Find out more about our Crafting Futures programme here.
The projects selected for the 21/22 Grants are:
Nick Gant (University of Brighton) and Prananda Luffiansyah (Institut Teknologi Bandung), collaboration between UK and Indonesia: Making Nature project: using open access digital technology to shine a light on and digitally document craft practices in Indonesia and the UK that consciously benefit nature and more symbiotic relationships with the natural environment.
Bine Roth (Peut Porter), Ruhul Abdin (Paraa) and the Crafts Council of Bangladesh, collaboration between UK and Bangladesh: Online archiving of traditional textile crafts combined with a design challenge using the archive and sharing and policy dialogue event.

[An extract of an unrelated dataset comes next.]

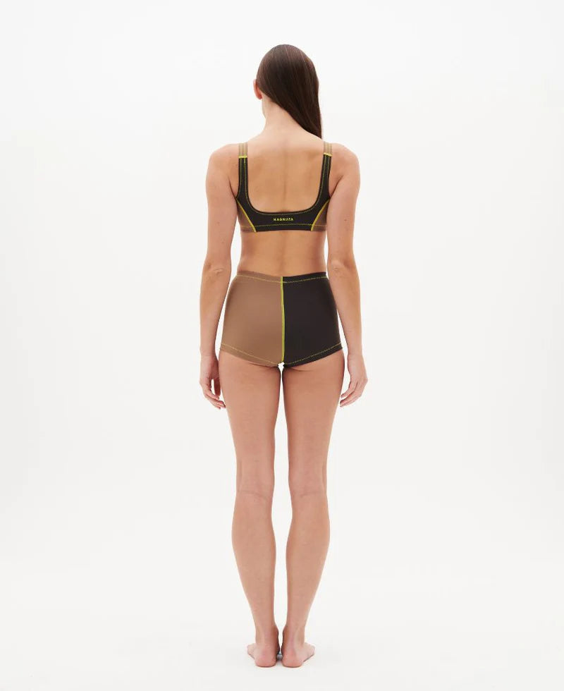 As part of Nagnata’s first Swim Surf Sport capsule, the Sundown Surf Short is a play on Nagnata’s signature colour block styles with contrast colour flatlock seams true to its sports-meet-fashion aesthetic. An improved mid-rise mini fit, the surf short is made from a specialised GRS certified Italian recycled bonded fabric that offers durability and support to take you from studio to surf. All swim surf styles feature new branding with a retro sun-inspired logo, a fresh take on the original Nagnata mandala.

Angelika Strohmayer (Northumbria University) and Özge Subaşı (koç Universitesi Kampusu), collaboration between UK and Turkey: Quilted protection: addressing issues of women's safety through digitally mediated hybrid quilting with local craft experts and women's safety advocates in Turkey and the UK, creating digitally augmented interactive sister quilts.
Teal Triggs (RCA), Celia Matsunaga (Universidade de Brasília) and Cacique Domingos Munduruku (Chief of Indigenous village Bragança, Marituba), collaboration between UK and Brazil: Building a Library for the Future: Munduruku Craft Practices and Indigenous Knowledge
Aniela Fidler Wieruszewska and Megha Chauhan, collaboration between UK and India: collaborative project between 12 student-contributors from London and Delhi and 6 Indian artisans from Gujarat to explore what it means to 'make a mark' using digital media and analogue craft.